E riram, os dois. Riram de se contorcer. Eu e Maria Ágata rimos também, porém, com menos ênfase, afinal, éramos mais novos e nem sempre entendíamos as piadas e ironias dos poetas mais velhos.
O fantasma olhava ora pra Maurício, ora pra Ramiro, visivelmente confuso. Por fim, declarou:
— Custa zero centavo e 100% de merecimento vivenciar um verdadeiro amor na Cápsula da Criação.
Ainda nos olhava num jeito de quem estava magoado com nossa pergunta, todavia, aquela informação caiu como pétalas de flores sobre nós. Zero centavo e 100% de merecimento! Isso era tudo que precisávamos saber. Trataríamos de merecer então. Óbvio!
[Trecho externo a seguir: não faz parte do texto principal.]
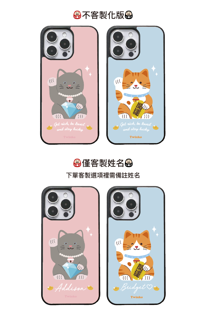 [CA2315]❥貓吉達摩-鑽石&開運迎財貓系列/二合一菲林殼防摔殼/磁吸殼Iphone17 16 15Pro Max防摔殼
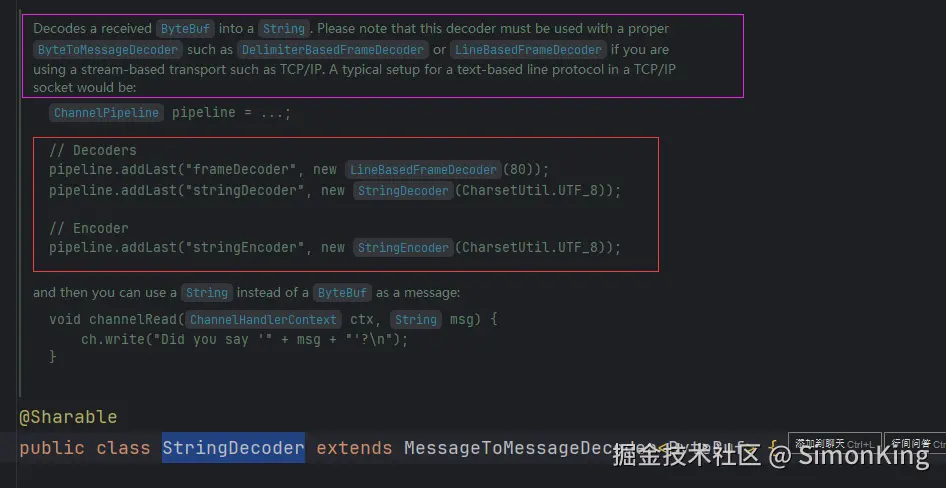 按照注释的案例,我们就可以配置。而StringEncoder是用来发送消息的解码器,用来将字符串转成ByteBuf。

Ficamos quietos. Olhando o tempo, coisa que sabemos fazer muito bem desde que nascemos. Depois de uma hora, talvez duas de silêncio, Maria Ágata pediu desculpas em nome de todos. Um tanto reticente, mas já sem rancor na voz, o fantasma aceitou-as.
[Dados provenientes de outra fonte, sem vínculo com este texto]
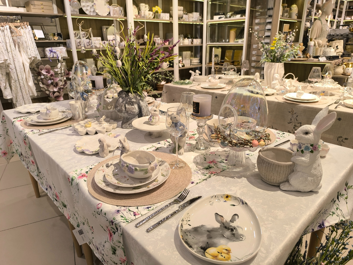 Время бежит стремительно. Только недавно отгремели новогодние салюты, ещё кажется вчера отшумела Масленица, а уже скоро и Пасха. Это один из моих любимых праздников с детства. За нарядность, за яркость, за живые цветы и ветки, за красивый праздничный стол. Каждый год хочется сделать этот день незабываемым и уютным. Зашла в Кюхенленд полюбоваться на праздничные пасхальные сервировки. Делюсь с вами этой нежной красотой. Большой подсвечник из стекла в виде яйца на стеклянной подставке с украшением -- венок из вербы с декоративными яичками. Букет из весенних цветов. Обратила внимание на спиральки из бамбука кажется, на которые повесили малюсенькие фарфоровые пасхальные яйца. Очень красиво смотрится. Подставка из фарфора для пасхальных яиц. Два гнёздышка заняты цыплёнком и кроликом. Букет из искусственных растений с пасхальными яичками с другого ракурса. Очень понравилась инсталляция для украшения пасхального стола. Вторая сервировка пасхального праздничного стола. Очень много посуды с кро

sexta-feira, abril 10, 2015

Os irrealistas (trecho de romance)



Mal entrei no recinto, o fantasma me avisou:
— Não temos mais nenhum dos cinco sentidos. Aqui, só podemos perceber e sentir. Quer seja sol, quer seja lua, rabo de cometa, gente, clorofila, verme, espinho, grão... desimporta: não há mais mediação, ou sentimos tudo diretamente ou não sentimos nada.
Eu me assustei:
— Isso não é possível! Como vai se sentir o que quer que seja sem a mediação dos cinco sentidos?
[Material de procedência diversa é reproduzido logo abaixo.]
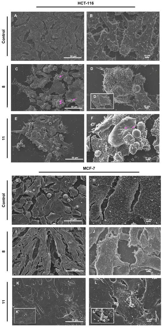 Cell morphology was evaluated via scanning electron microscopy (SEM). HCT-116 and MCF-7 cells were seeded onto sterile glass coverslips (13 mm diameter) in 24-well plates and cultured for 24 h before treatment. Cells were then incubated for 12 h with compounds 9 or 12 (50 μM). After treatment, cells were washed in cold PBS, fixed, and processed for SEM according to established protocols. Imaging was conducted using a Hitachi S-800 microscope (Hitachi, Tokyo, Japan).
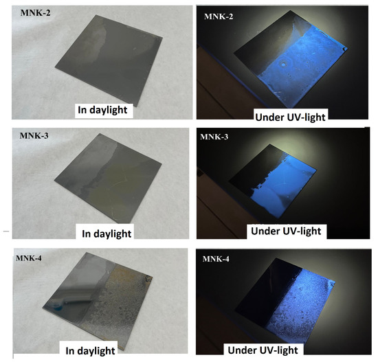 Si QD-supported fluorescence properties of the MNK-2, MNK-3, and MNK-4 multifunctional coatings are shown in Figure 11. Since Si QD embedding distinctively leads to the fluorescence features, all the coatings emit cyan-blue fluorescence. It is widely known that nanocomposite hybrid coatings, or materials that combine fluorescence and biocompatibility, may have huge roles in biological systems. Quantum dots provide exciting opportunities, such as biological imaging, sensing, drug delivery, and a visible light-emitting platform for biological systems [47,48,49]. Since tunability in the emission wavelength of quantum dot embedded systems enables real-time monitoring, targeted therapy is possible. Also, fingerprint detection with fluorescent coatings or materials has become widely known in daily life. As a part of multifunctional material, fluorescence emission features have a promising future for theranostic, biological, and material applications. Since Si QDs are very resistant to pH changes and their emission feature is strongly resistant and stable against environmental factors, one may apply these multifunctional materials on different surfaces such as ceramic, glass, metal, or wood substrates. As also shown, the emission properties of the coating were not affected by the step-by-step construction of the multifunctional material. Since cytotoxicity results are acceptable, multifunctional materials have massive potential for future applications [50,51,52]. The methodology employed in this study deliberately utilised widely available and low-cost precursors like APTES, AgNO3, solvents, GLYMO, Al alkoxides, and FAS in mild conditions, avoiding expensive or hazardous ligands (e.g., trioctylphosphine) and rare metals like cadmium. This makes the process inherently cost-effective when compared to traditional high-temperature or toxic precursor-based material synthesis. Furthermore, the water-based or alcohol-based solvent systems and ambient pressure processing enable facile scale-up with minimal energy demands, which further supports economic sustainability. Developing multifunctional smart materials exhibiting different features is expectedly promised to present significant challenges due to available chemical and physical incompatibilities among these properties. For instance, in this study, the effectiveness of antibacterial metal ions often increases in hydrophilic environments, whereas hydrophobic surfaces may reduce their efficacy. Similarly, fluorescent agents may degrade under exposure to light and oxygen, compromising long-term stability. These interactions complicate the formulation process and the overall performance of the final material. Also, such complex systems typically involve multi-step procedures and tightly controlled conditions, making scalability and cost-efficiency difficult to achieve very easily. Therefore, successfully implementing multifunctional smart materials that provide multifunctionality features for new applications requires simultaneous optimisation of structural compatibility, environmental safety, production feasibility, and economic viability.

— É possível, sim — ele refutou. — Pense num sonho longo: sente-se tudo, todavia, jamais se acorda. Nesse estado, não se enxerga, não se cheira, não se prova, não se ouve, tampouco se toca.
Não acreditei:
— Então, como você sabe que eu sou eu?
— Sabendo. Eu te sinto e te reconheço.
Mesmo querendo me controlar, mesmo me esforçando absurdamente pra não dar uma de mal-educado, berrei:
— Sente onde? Sente como?
O fantasma reclamou:
— Não grite! E pare com essas perguntas bobas. Não há um espaço ou uma maneira específica por onde percebemos a presença de alguém. A verdade é que sentimos uns aos outros. E isso basta. Assim como ninguém lhe apresentou ao sol e você, ao acordar, já se deparava com seus raios do outro lado do mundo, lambendo até sua alma.
— Mas o sol? — eu o interrompi. — O sol não é uma pessoa, é um astro!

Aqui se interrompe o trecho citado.